Infrared Explained: Any visible light frequencies are reflected and refracted into any rainbow’s arc and show up as individual colors starting at the violet range all the way to red. The red spectrum is the longest ray, almost a wave as the longer spectrums have the personality of waves. Any infrared light is also being reflected and refracted but it is NOT visible to the eye. Since infrared light is subject to being absorbed as heat, the light does not show up as a lighter portion of the infrared film, rendering the infrared band appearing to be darker than the non-infrared sectors of light. Also notice “ghosting” of leaves on some of the trees. Since is is a darker value, it is showing of the branches transpiring water, therefore being cooler (the process is what gives that “cool” feel of being by plants). This was the original great asset of infrared photography’s use for military purposes in the jungles.
Photo #1 is an image overlay of the visible light photo on top of the infrared. I allowed the transparency to see both photos equally. See the below two photos for exposure information for each of the two photos..

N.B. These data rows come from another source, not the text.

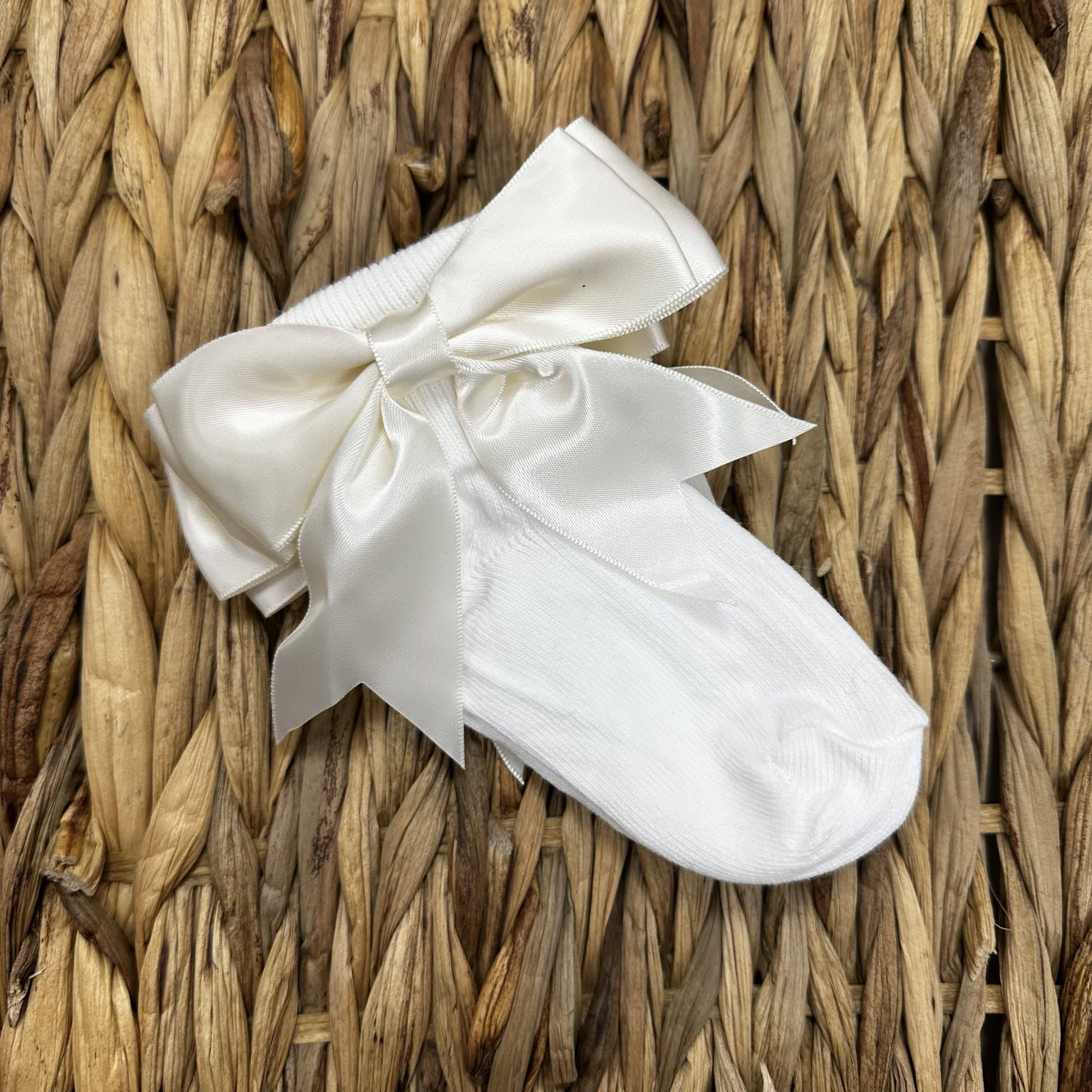 Soft Touch Girls Bow Ankle Socks - Ivory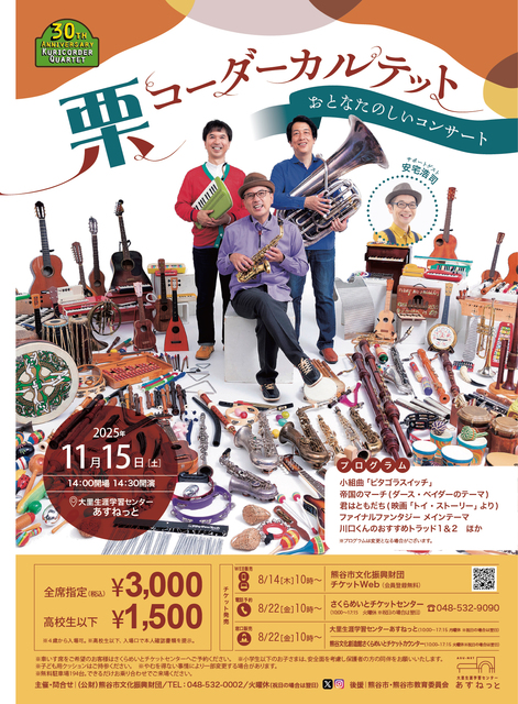 | ご注意事項 | 全席指定(税込)3,000円 高校生以下:1,500円 ※4歳から入場可。 ※高校生以下チケット入場時、本人確認書類を提示 ●8/14(木)10時~熊谷市文化振興財団チケットwebで販売 ●8/22(金)10時~電話予約(048-532-9090)で販売 ●8/22(金)10時~大里生涯学習センターあすねっとで販売 ●8/22(金)10時~さくらめいとチケットカウンターで販売 |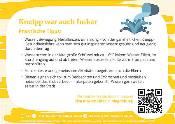 Die Kinder der Kita Marienkäfer wissen es zu schätzen, dass sie ein Wasserstampfbecken nutzen können. Wann immer sie Lust haben, können sie mit nackten Füßen durch das Becken staksen und das Prickeln auf der Haut spüren. Unser pädagogisches Konzept basiert auf der Kneipp-Philosophie, die Naturerfahrungen, eine gesunde Lebensweise und ganzheitliches Wohlbefinden in den Mittelpunkt stellt. Wir haben sogar eine Sauna! Die Kinder (3–7 Jahre alt) dürfen sie montags, dienstags und mittwochs ganzjährig nutzen. Ein besonderes Highlight ist unser eigenes Bienenvolk, das den Kindern die Natur mitten in der Stadt noch erlebbarer macht. Familie und Kiez haben in unserer Kita einen besonderen Stellenwert. Von der Feuerwehr bis zur Polizei – alle sind Teil unserer Kita-Gemeinschaft, bei uns regelmäßig zu Gast und wir dürfen entdecken, was sie alles machen.

Infrared vs. Visible Light Rainbow: Photo 2 & 3 are photos are of a rainbow in Oak Forest, Illinois, of a repeat post of the absolute original “Photo Of The Day” (now “Featured Photo”) segment that started Labor Day weekend in 2019. In the segment, I show the difference between a rainbow in an infrared photo by displaying the spectrum they use as compared to a visible light photo. Note that the spectrum is down on the near side shifted over and out of the red spectrum, as the featured rainbows show the results.
Photo #2 is taken on Kodacolor then ASA (ISO) 100 speed film processed C-41 with a tripod through a Nikon EM with a Nikon 26 mm lens, filter=polarizer, Aperture=22 f/stop, shutter-speed 1/30th second. Enlargements processed standard color process on 4×6″ silk standard color image enlargement paper.
Photo #3 is taken with the same Nikon 26 mm lens put onto a Nikon FE camera, filter=polarizer and yellow filter, Aperture=22 f/stop, shutter-speed 1/15th second, loaded with Kodak Ektachrome Infrared Color IE 135-20 Infrared Slide Film processed E-6 using Kodak Ektachrome Chemicals. Enlargement processed Type R color positive paper and R-3000 chemistry onto 3½x5″ glossy negative color image enlargement paper.
180° Rainbow: Full 180° Rainbow in Oak Forest, Illinois. Photos were taken near sunset on 10/11/2021, published same day.
Photo Set #4 taken with a Samsung Galaxy A71 with the factory Quad camera Standard-wide: 64 MP 1/1.72-inch sensor with 0.8µm pixels and 26 mm-equivalent f/1.8 PDAF lens Ultra-wide: 12 MP sensor with f/2.2 aperture lens.
Winter Sundog: A rare formation of a sundog and halo arc in winter. Photo was taken in the winter of 1982.
Photo #5 taken with a Nikon FE camera mounted on a mini-pod through a Nikon 26 mm lens, filter=NONE, Aperture=2.8 f/stop, shutter-speed 1/15th second, loaded with Fujicolor 400 Color 135 Negative Film processed with C-41 Processing Chemicals, and a Type C Print using the RA-4 enlargement paper process, onto a 4X6″ semi-gloss print.